The loader assembly of claim 11 wherein the pivot of the second lift arm section to the upright loader boom supports is a substantial distance above a supporting surface for the prime mover, and the pivot of the first end of the control link and the length of the control link being such that the second pivot moves above the plane when an attachment point for tools at a forward end of the lift arms is at a desired level generally above of the level of the pivot of the second lift arm sections to the upright loader boom supports.
A skid steer loader having a longitudinally extending main frame, wheels for supporting the main frame for movement over the ground, an operator's compartment spanning substantially the entire lateral distance of the main frame in fore and aft midportions thereof, and a pair of rear frame uprights extending above and fixed to the main frame adjacent lateral sides of the operator's compartment, the improvement comprising a loader boom assembly comprising first and second articulated lift arm link assemblies pivotally connected together adjacent the rear portion of the main frame, said lift arm link assemblies comprising a separate pair of lift arms adjacent each of the lateral sides of the main frame, a first of said lift arm link assemblies extending forwardly of the main frame for supporting a working tool at a forward end thereof, and a second of said link assemblies having its rear end pivotally mounted to upper portions of the frame uprights, a pair of hydraulic actuators coupled between the main frame and the lift arms of the first lift arm link assembly for raising and lowering the loader boom assembly, and a pair of control links, said control links being on opposite sides of said operator's compartment, each having first ends pivotally connected to forward portions of the main frame, and each control link having second ends pivotally connected to the respective lift arms of the first lift arm assembly below the respective first lift arm, said control links controlling the path of movement of the first and second articulated lift arm link assemblies, said lift arms on each side of the operator's compartment, and the respective control links and hydraulic actuators, all being aligning longitudinally adjacent the sides of the main frame to maximize the available space for lateral width of the operator's compartment and to minimize overall width.

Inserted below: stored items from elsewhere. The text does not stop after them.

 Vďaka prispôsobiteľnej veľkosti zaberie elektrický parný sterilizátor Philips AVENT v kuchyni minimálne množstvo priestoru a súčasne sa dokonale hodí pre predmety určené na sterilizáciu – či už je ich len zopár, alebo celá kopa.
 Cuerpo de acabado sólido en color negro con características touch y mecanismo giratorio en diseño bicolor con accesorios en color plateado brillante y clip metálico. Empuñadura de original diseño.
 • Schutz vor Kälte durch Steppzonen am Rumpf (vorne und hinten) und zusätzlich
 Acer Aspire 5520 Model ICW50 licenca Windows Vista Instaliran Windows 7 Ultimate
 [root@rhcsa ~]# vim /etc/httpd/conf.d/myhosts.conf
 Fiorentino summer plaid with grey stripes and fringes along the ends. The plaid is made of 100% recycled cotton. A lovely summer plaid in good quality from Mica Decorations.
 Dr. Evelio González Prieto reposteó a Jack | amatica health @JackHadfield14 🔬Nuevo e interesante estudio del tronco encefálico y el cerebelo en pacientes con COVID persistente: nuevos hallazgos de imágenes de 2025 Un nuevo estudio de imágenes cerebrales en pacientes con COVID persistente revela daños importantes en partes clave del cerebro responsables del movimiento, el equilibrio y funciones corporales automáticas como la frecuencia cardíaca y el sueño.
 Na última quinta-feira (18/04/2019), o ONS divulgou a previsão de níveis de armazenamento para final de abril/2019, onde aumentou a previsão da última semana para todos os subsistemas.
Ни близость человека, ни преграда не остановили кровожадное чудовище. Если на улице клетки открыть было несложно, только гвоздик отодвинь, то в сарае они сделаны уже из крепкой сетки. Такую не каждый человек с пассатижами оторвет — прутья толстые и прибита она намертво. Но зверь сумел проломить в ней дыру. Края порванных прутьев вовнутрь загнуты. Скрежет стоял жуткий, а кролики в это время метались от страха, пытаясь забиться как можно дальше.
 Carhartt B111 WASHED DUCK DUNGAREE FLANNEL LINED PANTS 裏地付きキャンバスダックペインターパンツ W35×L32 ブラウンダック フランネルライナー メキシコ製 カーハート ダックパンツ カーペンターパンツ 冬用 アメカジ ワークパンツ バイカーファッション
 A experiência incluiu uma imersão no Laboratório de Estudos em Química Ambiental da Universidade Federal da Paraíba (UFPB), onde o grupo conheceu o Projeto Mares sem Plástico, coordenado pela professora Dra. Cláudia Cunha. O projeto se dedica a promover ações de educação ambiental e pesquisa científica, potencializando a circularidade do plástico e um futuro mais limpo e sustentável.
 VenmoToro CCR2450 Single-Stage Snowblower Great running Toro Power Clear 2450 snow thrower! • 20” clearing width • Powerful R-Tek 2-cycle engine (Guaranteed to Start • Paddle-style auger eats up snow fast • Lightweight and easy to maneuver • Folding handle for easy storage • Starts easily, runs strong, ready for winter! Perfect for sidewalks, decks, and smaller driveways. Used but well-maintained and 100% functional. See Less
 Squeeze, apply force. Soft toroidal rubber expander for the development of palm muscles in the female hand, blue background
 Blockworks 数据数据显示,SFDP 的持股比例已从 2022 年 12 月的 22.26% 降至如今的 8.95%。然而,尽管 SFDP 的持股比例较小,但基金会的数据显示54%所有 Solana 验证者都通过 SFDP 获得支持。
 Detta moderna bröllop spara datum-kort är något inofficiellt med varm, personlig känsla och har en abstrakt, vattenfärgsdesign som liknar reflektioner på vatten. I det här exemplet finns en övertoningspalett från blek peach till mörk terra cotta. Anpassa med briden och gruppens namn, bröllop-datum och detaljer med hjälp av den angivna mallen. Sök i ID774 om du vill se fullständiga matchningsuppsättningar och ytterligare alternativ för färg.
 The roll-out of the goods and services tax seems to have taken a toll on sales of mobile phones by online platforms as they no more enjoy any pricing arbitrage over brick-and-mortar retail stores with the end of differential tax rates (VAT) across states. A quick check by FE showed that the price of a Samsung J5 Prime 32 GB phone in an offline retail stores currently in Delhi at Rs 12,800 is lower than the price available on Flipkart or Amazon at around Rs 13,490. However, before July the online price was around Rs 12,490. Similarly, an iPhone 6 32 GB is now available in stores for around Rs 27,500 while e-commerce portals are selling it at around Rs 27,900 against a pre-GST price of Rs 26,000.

The skid steer loader of Claim 13 wherein said second lift arm link assembly is substantially shorter than the first lift arm link assembly and substantially shorter than the control links, and upon raising of the first lift links by use of the hydraulic actuators, the control links urge the second lift arm link assembly to first move the first lift arm link assembly rearwardly to remain close to the front of the skid steer loader and then move the first lift arm link assembly forwardly upon further raising to control the path of movement of a working tool.
The skid steer loader of Claim 14 wherein the loader has a rear engine compartment and the second lift arm link assembly is positioned to be forwardly of the access door of the rear engine compartment.
The loader assembly of any of claims 13 to 15 wherein the second lift arm link assembly is substantially shorter than the first lift arm link assembly and provides a rigid support for pivoting of the first lift arm link assembly.